A few years ago, some council members with an entrepreneurial flair persuaded the Nation's members to build a shopping centre containing a large grocery store and several small specialty stores. The shopping centre is located on reserve land, and the band provided approximately 20% of the financing, with the balance coming from a provincially guaranteed bank loan. The shopping centre operates under the name Great Northern Centre Inc., and the Sassawinni First Nation owns 100% of its outstanding common shares. The centre has been a financial success, drawing a large proportion of its business from the adjoining town and surrounding agricultural area. Not only has it been a source of employment for First Nation families, but it has also generated enough cash to keep its loan payments current and has recently been able to declare and pay a dividend.
Flushed with its success, the Sassawinni First Nation has submitted to the provincial government a business plan to construct a gambling casino on band property. It will be an incorporated entity and will be under the complete control of the Nation, subject only to provincial government gambling regulations.

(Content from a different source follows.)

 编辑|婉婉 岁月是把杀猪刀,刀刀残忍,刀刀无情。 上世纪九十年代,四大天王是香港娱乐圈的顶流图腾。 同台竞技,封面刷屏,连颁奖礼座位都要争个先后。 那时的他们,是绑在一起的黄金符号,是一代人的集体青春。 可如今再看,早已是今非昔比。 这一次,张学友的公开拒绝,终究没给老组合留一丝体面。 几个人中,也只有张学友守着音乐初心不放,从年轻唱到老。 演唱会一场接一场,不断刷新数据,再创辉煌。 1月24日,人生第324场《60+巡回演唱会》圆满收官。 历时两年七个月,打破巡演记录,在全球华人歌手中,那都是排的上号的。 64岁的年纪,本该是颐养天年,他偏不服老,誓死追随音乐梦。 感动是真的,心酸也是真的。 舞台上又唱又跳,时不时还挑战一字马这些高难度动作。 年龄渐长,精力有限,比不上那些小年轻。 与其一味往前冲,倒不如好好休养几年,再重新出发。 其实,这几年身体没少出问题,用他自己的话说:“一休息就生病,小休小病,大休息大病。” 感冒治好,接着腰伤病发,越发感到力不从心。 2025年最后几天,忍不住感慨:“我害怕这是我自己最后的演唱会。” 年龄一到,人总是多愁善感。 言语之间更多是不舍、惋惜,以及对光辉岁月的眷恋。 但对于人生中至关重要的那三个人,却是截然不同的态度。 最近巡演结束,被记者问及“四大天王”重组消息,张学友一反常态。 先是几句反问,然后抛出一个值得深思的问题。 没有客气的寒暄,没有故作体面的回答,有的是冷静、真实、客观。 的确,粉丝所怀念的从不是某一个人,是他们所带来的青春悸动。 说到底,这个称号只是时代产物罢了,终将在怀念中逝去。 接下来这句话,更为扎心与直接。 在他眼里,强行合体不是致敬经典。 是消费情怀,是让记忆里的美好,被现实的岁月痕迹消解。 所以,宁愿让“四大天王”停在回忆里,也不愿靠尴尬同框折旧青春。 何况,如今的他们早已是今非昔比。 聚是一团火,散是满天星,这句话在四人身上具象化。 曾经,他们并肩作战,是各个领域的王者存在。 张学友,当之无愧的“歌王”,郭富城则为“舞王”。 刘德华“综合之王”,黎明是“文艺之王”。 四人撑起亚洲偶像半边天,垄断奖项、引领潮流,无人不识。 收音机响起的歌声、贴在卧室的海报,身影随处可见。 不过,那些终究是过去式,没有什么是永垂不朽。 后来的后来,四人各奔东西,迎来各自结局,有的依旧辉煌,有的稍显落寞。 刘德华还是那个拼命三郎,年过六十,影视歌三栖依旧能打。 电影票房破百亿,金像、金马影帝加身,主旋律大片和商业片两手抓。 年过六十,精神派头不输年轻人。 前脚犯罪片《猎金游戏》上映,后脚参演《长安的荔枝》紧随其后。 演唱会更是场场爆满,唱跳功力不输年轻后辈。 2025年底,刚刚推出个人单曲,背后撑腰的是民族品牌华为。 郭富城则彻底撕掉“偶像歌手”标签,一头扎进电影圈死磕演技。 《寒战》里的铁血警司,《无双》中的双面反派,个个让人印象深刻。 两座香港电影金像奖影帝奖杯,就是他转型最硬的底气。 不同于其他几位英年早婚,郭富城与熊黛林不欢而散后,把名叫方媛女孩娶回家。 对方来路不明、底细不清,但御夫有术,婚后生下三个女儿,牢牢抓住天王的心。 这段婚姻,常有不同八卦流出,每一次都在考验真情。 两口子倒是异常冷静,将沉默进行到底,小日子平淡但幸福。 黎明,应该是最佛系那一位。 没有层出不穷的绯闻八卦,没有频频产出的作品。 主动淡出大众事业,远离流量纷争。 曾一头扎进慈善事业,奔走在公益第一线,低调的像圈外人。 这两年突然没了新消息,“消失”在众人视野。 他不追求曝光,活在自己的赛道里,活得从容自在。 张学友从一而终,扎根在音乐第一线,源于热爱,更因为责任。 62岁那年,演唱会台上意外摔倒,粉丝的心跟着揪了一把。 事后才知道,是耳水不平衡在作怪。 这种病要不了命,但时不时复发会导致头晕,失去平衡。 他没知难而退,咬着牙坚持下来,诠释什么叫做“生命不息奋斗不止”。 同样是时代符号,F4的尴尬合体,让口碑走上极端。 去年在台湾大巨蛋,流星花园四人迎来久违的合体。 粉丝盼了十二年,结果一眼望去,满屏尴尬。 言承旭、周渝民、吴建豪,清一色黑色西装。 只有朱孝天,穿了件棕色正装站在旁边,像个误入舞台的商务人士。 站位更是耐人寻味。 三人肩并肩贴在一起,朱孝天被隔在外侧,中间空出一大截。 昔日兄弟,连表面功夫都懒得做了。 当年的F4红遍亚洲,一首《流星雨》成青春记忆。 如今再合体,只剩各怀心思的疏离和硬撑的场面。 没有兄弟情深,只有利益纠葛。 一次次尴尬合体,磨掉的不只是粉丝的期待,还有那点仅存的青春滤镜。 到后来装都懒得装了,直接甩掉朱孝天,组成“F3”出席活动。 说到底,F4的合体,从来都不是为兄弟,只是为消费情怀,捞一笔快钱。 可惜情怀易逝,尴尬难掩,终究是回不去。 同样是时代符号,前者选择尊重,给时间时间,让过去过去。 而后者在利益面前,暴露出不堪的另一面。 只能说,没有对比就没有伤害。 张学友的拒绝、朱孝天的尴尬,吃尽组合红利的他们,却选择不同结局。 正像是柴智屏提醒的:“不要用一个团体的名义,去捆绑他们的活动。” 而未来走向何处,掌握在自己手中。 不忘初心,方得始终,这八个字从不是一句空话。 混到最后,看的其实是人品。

Up to the present time, the band has provided stewardship reports to the Department of Indian Affairs and Northern Development that outline the funds received from the federal government and the manner in which they have been spent. Government auditors have verified these statements, but no formal audit reports have been considered necessary. Now, with all of this new business activity taking place, proper audited financial statements will be required for the next fiscal year. You are employed by Fox, Fox, and Jameson, the public accounting firm that is the auditor of Great Northern Centre Inc. Your firm has just been appointed auditor of Sassawinni First Nation, and this will be the firm's first audit of an organization of this nature. Jane Fox, the managing partner in charge of this audit, has asked you to provide her with a written report outlining the specific accounting principles that will be applicable in this case. "I am going to have to catch up quickly," she said. "I am aware that there have been some changes in GAAP recently, but because our firm has not been involved with audits of this nature I have not paid much attention to what has been going on. One of the benefits of hiring new university grads like yourself is that you provide us with up-to-date technical knowledge."

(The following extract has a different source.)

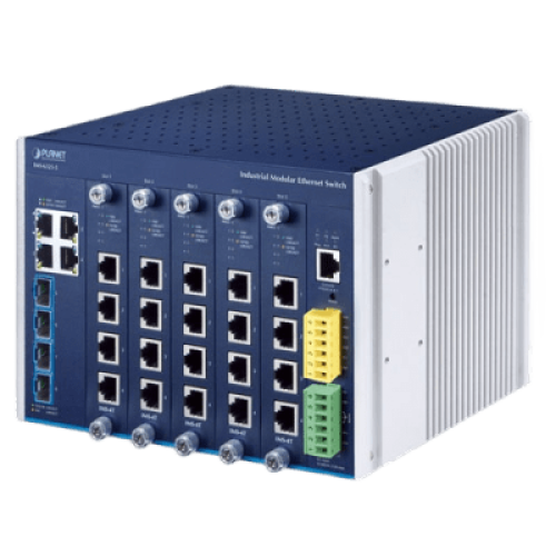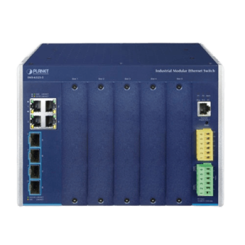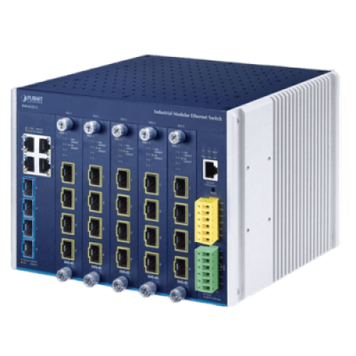 Switch Modular Industrial Capa 3 / 5 Slots / 4 Puertos Gigabit RJ45 / 4 Puertos SFP+ 10G / Rango de Temperatura -40~75°C / Entrada de Potencia Redundante 12-48V / Soporte IPv6/IPv4
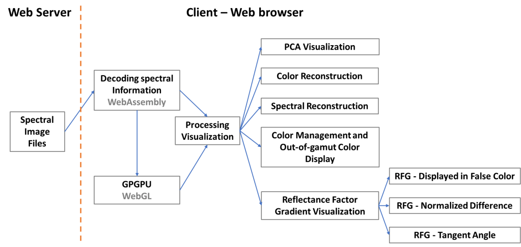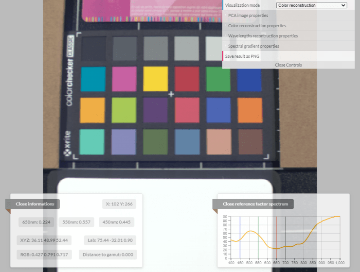 Philippe Colantoni, Jean-Baptiste Thomas, Mathieu Hébert, Alain Trémeau, « Web-Based Interaction and Visualization of Spectral Reflectance Images: Application to Vegetation Inspection. SN COMPUT. SCI. 3, 12 (2022). https://doi.org/10.1007/s42979-021-00870-8

You have just returned from interviewing the band chief, Joe Sullivan. "I am absolutely certain that we are going to get this casino," he said. "The announcement will be made by the premier within two weeks, and I have received information from a knowledgeable insider that we will be on the list of First Nations to be granted casino licenses. It will be a financial godsend to our people, employing well over 100 band members and providing us with substantial profits, a portion of which will have to be devoted entirely to accommodations in accordance with the licensing agreement. This will allow us to build more housing for our members, but with all the jobs that we now have, we will probably start charging rent for housing provided to those with jobs. Not only that, we have three permanent employees who have been with us for a while, and council has instructed me to investigate the possibility of providing a pension plan for them as well as for the permanent employees in our business enterprises."
When asked about the band's accounting records, Sullivan responded, "We have a very good bookkeeper, and the government auditor has always complimented her on the accuracy of her records. She provides timely statements showing us how much we have to spend. Our records are all here and go back at least 20 years. I would just as soon carry on the way we have been doing things, but with this new casino we'll have to provide audited financial statements to the two governments-and, of course, to our members."
Prepare the report requested by your firm's managing partner.